═════ Entries provided ═════
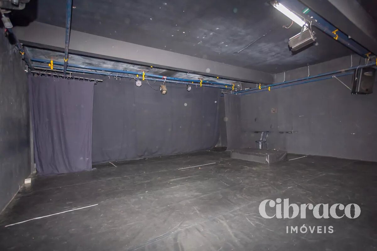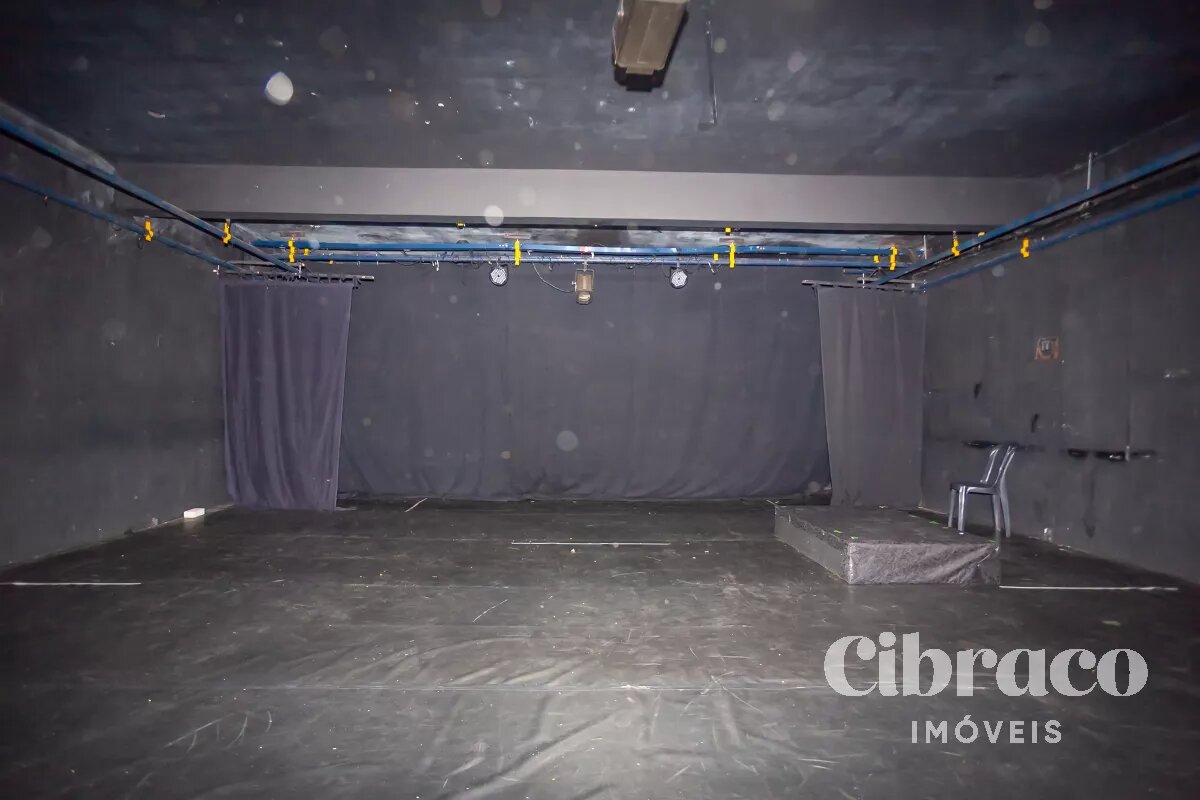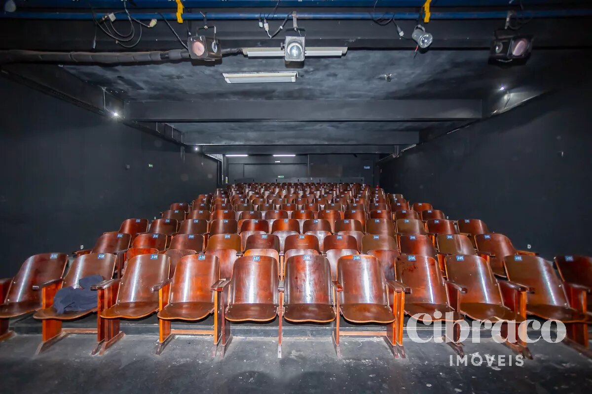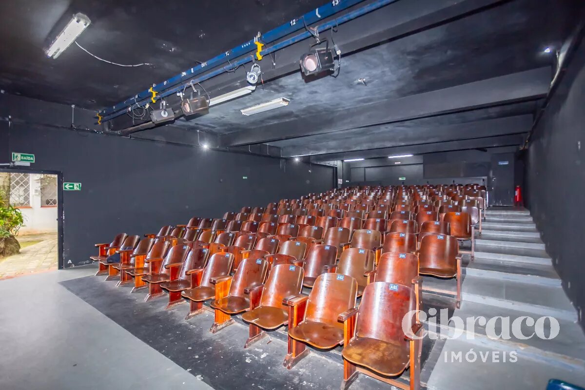 Teatro com 150 lugares, camarim e 2 banheiros e mais 2 banheiros de apoio.
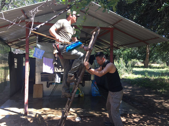 10. 建设营地时,志愿者们为了打扫房顶上太阳能热水器,只能当人肉梯子。
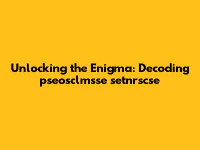 Without additional information, deciphering 'pseosclmsse setnrscse' is an exercise in speculation. Here are a few possible scenarios, ranging from the mundane to the more imaginative:
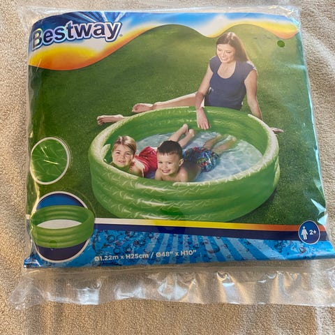 Bestway barnebasseng, rund modell i flerfargede ringer. Bassenget har oppblåsbare sider og myk, strukturert bunn. Størrelse ca. 61 x 22 cm, egnet for små barn (fra 2 år og oppover, ifølge emballasjen). Laget i slitesterk PVC/plast, beregnet for bruk utendørs på jevnt underlag. Fylles med vann tilpasset barnets høyde og brukes under tilsyn av voksen.
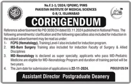 Pakistan Institute Of Medical Sciences Islamabad Job Notice 2024: Career Opportunities in Healthcare and Administration
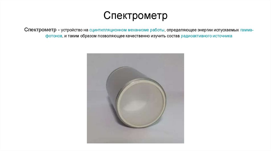 СпектрометрСпектрометр - устройство на сцинтилляционном механизме работы, определяющее энергии испускаемых гаммафотонов, и таким образом позволяющее качественно изучить состав радиоактивного источника
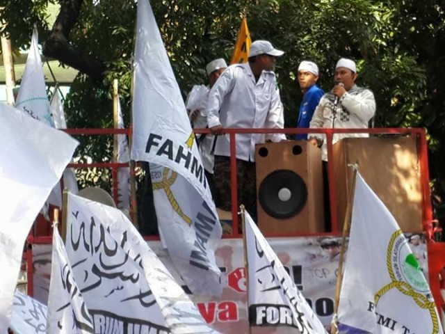 JAKARTA (voa-islam.com) - Rabu siang tadi (27/5) ratusan Umat Islam dari Forum Umat Islam (FUI), Majelis Mujahidin Indonesia (MMI) dan Front Pembela Islam hadir dalam aksi demonstasi dan orasi di Bunderan HI yang berlanjut ke kediaman Kedutaan Besar Myanmar di Jalan Agus Salim, Jakarta Pusat.
═════
§ Task to carry out
From the line with "Without additional information, deciphering" down to the end of the entries, retype each line exactly as written, but drop the pictures.

§ Response to this task
 Without additional information, deciphering 'pseosclmsse setnrscse' is an exercise in speculation. Here are a few possible scenarios, ranging from the mundane to the more imaginative:
 Bestway barnebasseng, rund modell i flerfargede ringer. Bassenget har oppblåsbare sider og myk, strukturert bunn. Størrelse ca. 61 x 22 cm, egnet for små barn (fra 2 år og oppover, ifølge emballasjen). Laget i slitesterk PVC/plast, beregnet for bruk utendørs på jevnt underlag. Fylles med vann tilpasset barnets høyde og brukes under tilsyn av voksen.
 Pakistan Institute Of Medical Sciences Islamabad Job Notice 2024: Career Opportunities in Healthcare and Administration
 СпектрометрСпектрометр - устройство на сцинтилляционном механизме работы, определяющее энергии испускаемых гаммафотонов, и таким образом позволяющее качественно изучить состав радиоактивного источника
 JAKARTA (voa-islam.com) - Rabu siang tadi (27/5) ratusan Umat Islam dari Forum Umat Islam (FUI), Majelis Mujahidin Indonesia (MMI) dan Front Pembela Islam hadir dalam aksi demonstasi dan orasi di Bunderan HI yang berlanjut ke kediaman Kedutaan Besar Myanmar di Jalan Agus Salim, Jakarta Pusat.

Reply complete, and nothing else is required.